● **Data listing**:
□ □ □ □ □
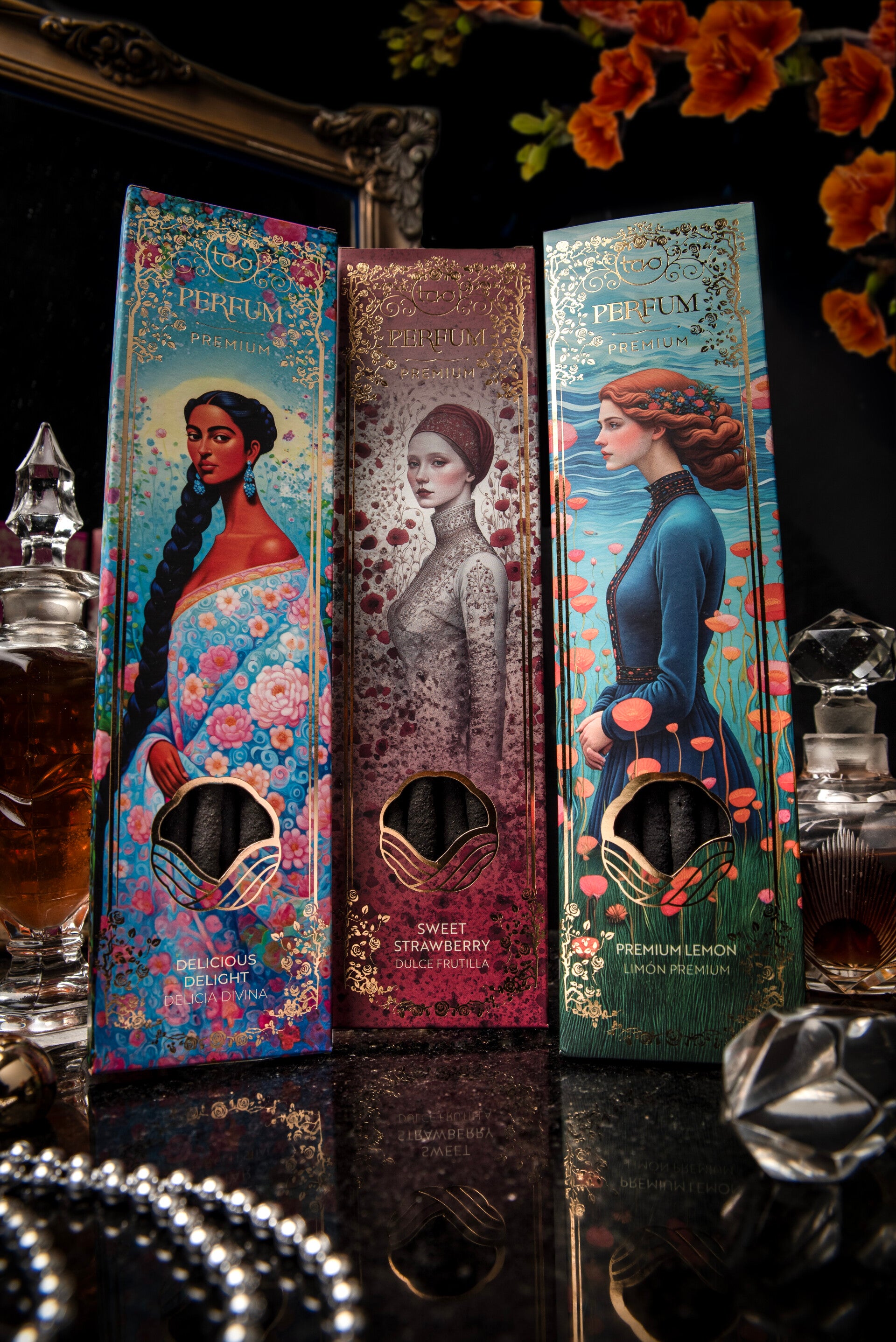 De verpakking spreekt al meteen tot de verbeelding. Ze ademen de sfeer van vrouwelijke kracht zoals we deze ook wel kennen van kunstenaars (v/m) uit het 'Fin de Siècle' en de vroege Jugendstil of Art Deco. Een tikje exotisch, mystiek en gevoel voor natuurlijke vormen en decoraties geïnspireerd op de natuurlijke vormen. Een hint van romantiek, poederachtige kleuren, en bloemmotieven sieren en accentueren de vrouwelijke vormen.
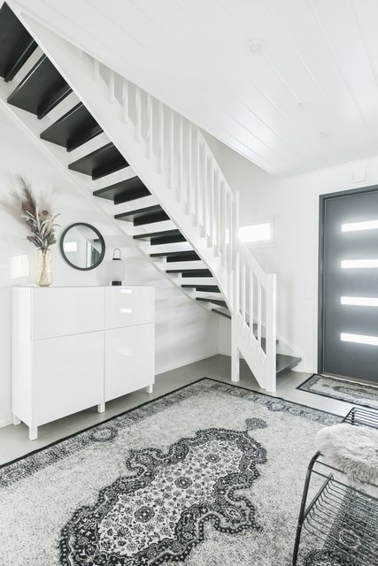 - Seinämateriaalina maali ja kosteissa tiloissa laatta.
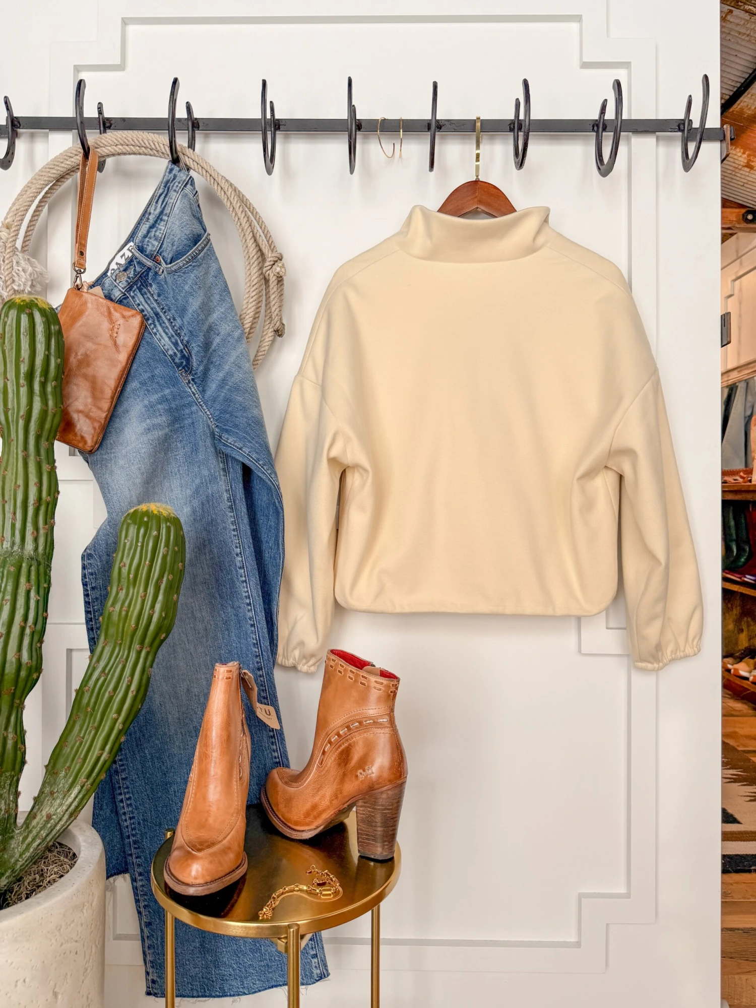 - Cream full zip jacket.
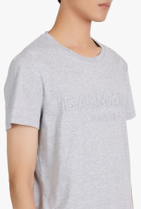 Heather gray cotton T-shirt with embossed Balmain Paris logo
□ □ □ □ □
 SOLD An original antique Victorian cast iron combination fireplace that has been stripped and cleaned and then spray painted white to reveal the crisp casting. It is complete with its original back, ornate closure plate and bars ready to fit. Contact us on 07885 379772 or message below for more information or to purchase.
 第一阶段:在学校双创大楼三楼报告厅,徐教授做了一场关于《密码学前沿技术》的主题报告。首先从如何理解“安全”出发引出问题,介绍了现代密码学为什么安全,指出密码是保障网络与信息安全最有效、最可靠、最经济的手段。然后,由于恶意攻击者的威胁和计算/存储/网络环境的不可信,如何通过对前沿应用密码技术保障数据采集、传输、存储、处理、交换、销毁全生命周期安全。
□ □ □ □ □
● **The task**: Copy the lines above exactly, starting at the one with "De verpakking spreekt" and ending at the one with "Heather gray cotton", both included. Leave out any pictures and add nothing else.

● **Output of the exercise**:
 De verpakking spreekt al meteen tot de verbeelding. Ze ademen de sfeer van vrouwelijke kracht zoals we deze ook wel kennen van kunstenaars (v/m) uit het 'Fin de Siècle' en de vroege Jugendstil of Art Deco. Een tikje exotisch, mystiek en gevoel voor natuurlijke vormen en decoraties geïnspireerd op de natuurlijke vormen. Een hint van romantiek, poederachtige kleuren, en bloemmotieven sieren en accentueren de vrouwelijke vormen.
 - Seinämateriaalina maali ja kosteissa tiloissa laatta.
 - Cream full zip jacket.
 Heather gray cotton T-shirt with embossed Balmain Paris logo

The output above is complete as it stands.